Almost two years to the day after the conversation between Jordan and Aleister in the diner, a Pike County deputy sheriff pulled Jordan over just outside of Bowling Green, Missouri, about an hour's drive from his home in St. Peters. What was supposed to be a routine stop for a burnt-out tail light on Jordan's Ford Escort ended with an arrest. The officer became suspicious when he spotted a mask, scissors and electrical tape on the floor of the backseat. He called it in and found out about a break-in that had occurred within a couple of hours.
Even as three squad cars surrounded his vehicle about ten minutes later, Jordan couldn't get his latest victim off his mind. The woman escaped his clutches with only minor bodily injuries (and a lifetime of psychological damage) when her husband and brother-in-law returned home and caught the masked intruder in flagrante delicto. Jordan ran out the backdoor and into the darkness. Despite the interruption, Jordan had already stored the woman in his deep database and was fantasizing what he had intended to do: make an incision with his Swiss Army knife into her throat.
As Jordan sat in a jail cell, detectives unbeknownst to him were matching his DNA to nine crime scenes throughout the Midwest. Wanting to have ammunition against Jordan during interrogation, they had taken a sample of his saliva off his coffee mug after his arrest.
Amazingly, Jordan had gone under the radar for years and had no police record. Had it not been for his tail light, coupled with his carelessness borne perhaps from an increasing sense of invincibility, the man whom the media called the Midwest Monster would still be committing his evil acts.
Jordan was thinking about the mistakes that led him to this jail cell when the man we've heretofore called Aleister walked in to continue their long-running, intermittent conversation.
"What's this all about, Jordan?"
"You're asking me? I have no idea."
"Are you sure about that?"
"How bad can it be if they allow me a visitor, huh?"
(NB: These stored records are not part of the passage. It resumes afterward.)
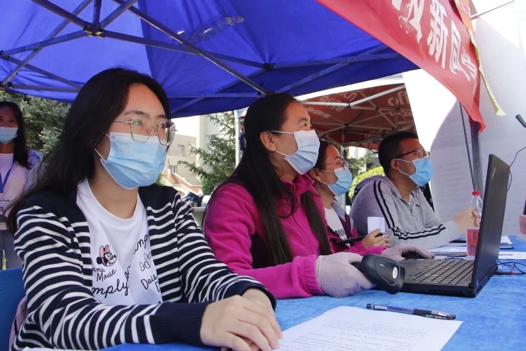 学院老师和学生志愿者在学院帐篷迎新点为新生办理入学手续,发放相关信息表和宿舍钥匙,并提供答疑服务
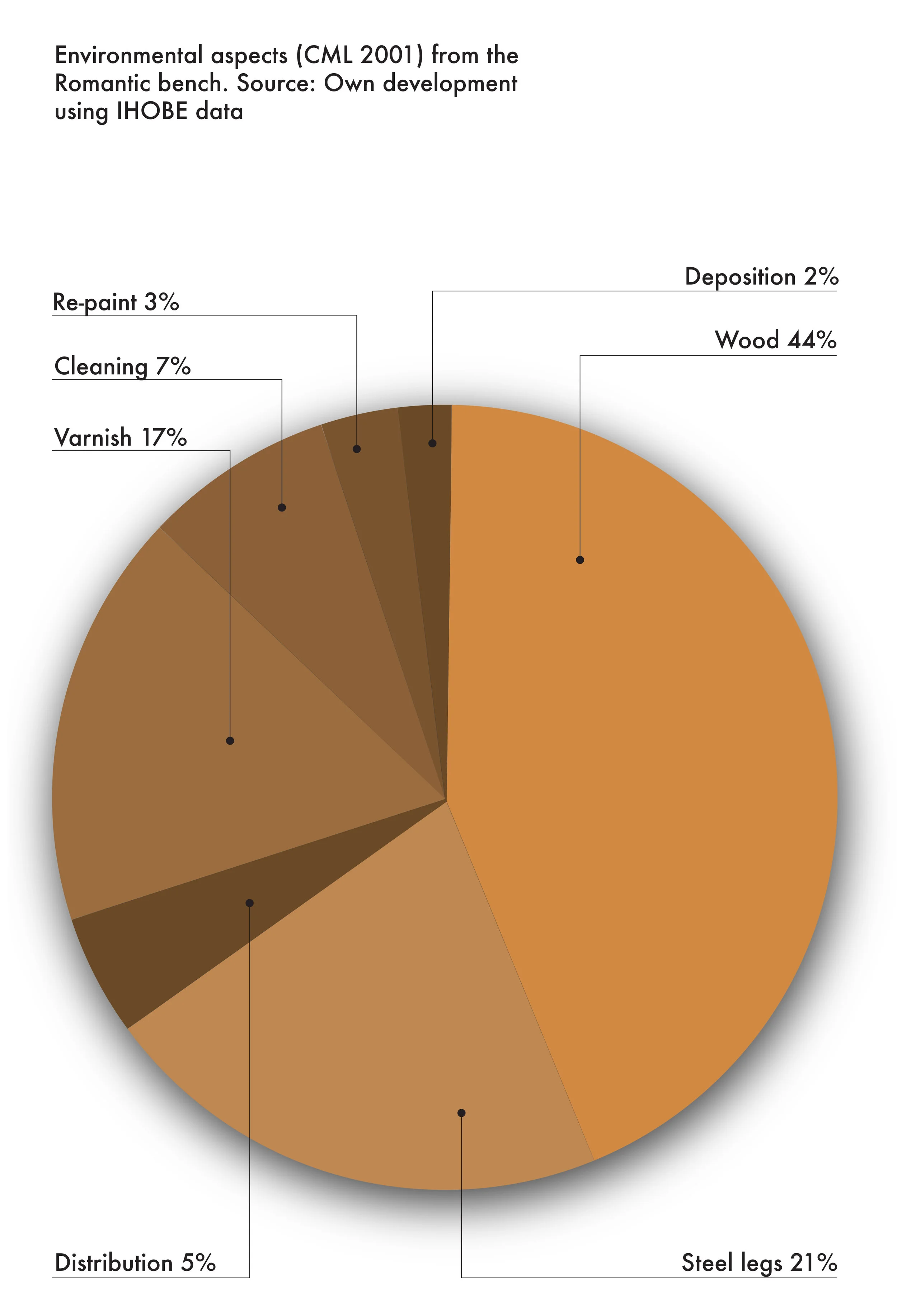 Regarding the information from IHOBE, the environmental impact of the Romantic bench -the best seller in Spain until the begining of this century- is induced mostly by the use of wood (44%) and the maintenance during its life span (27%)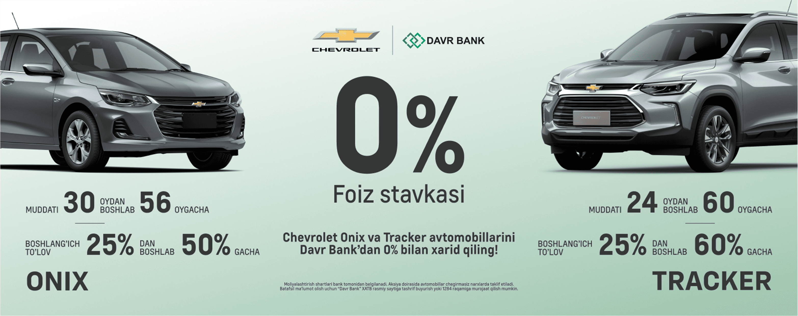 Davr Bank mijozlar uchun Chevrolet Onix va Tracker avtomobillarini qulay shartlarda foizsiz (0%) xarid dasturini ishga tushirdi.
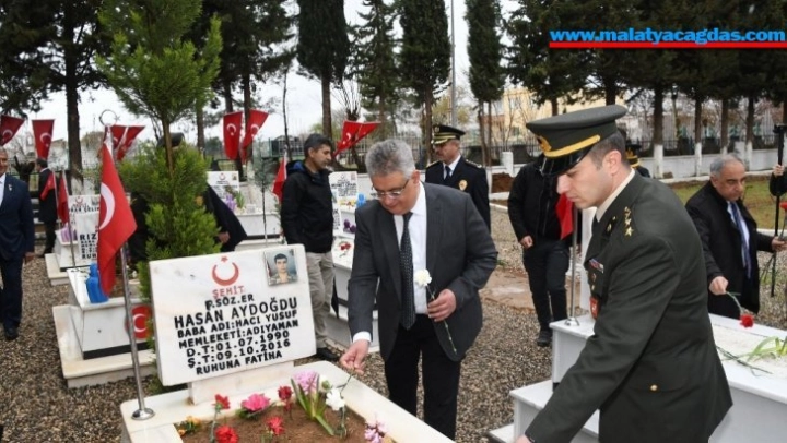 Çelenk sunumunun ardından Vali Aykut Pekmez ve protokol üyeleri, şehitliği ziyaret ederek şehit mezarlarına karanfil bıraktı.

Aleister looked at his caged friend and shook his head. While expressing incredulity at Jordan's words, he reached for his pack of cigarettes, slowly pulled one out, and sniffed it. This time, Aleister's fingers seemed disproportionately long and thin and his fingertips sharp and pointy. Perhaps Jordan's proclivity to see devils in every dark corner skewed his vision.
"Tell me, my friend, do you still believe in the Devil?"
"Of course I do! And only the power of God can prevail against him and protect me. There's victory in the blood of Jesus!"
"Sure, why not?" Aleister couldn't hold back his disdain. "You really believe that, don't you?"
Jordan became angry at Aleister's snide remark. Already taken aback by Aleister's appearance, or at least Jordan's perception of his appearance, he raised his voice. "It's not about belief, but about reality. Damn your atheistic cynicism. I'm sick of it! You can go to hell!"
"Go to hell," Aleister repeated softly with his trademark grin.
As the two men argued, deputies and a crime scene investigator walked toward Jordan's cell to see what the commotion was all about. As they rounded the corner they saw only one man behind bars, Jordan, quite animated and vociferous. "I'm sorry, officers, are we being too loud?" he responded. The officers looked at each other, made a face as if to say What the hell?, and returned to their coffee. Just because they didn't see Aleister, however, doesn't mean that he doesn't exist.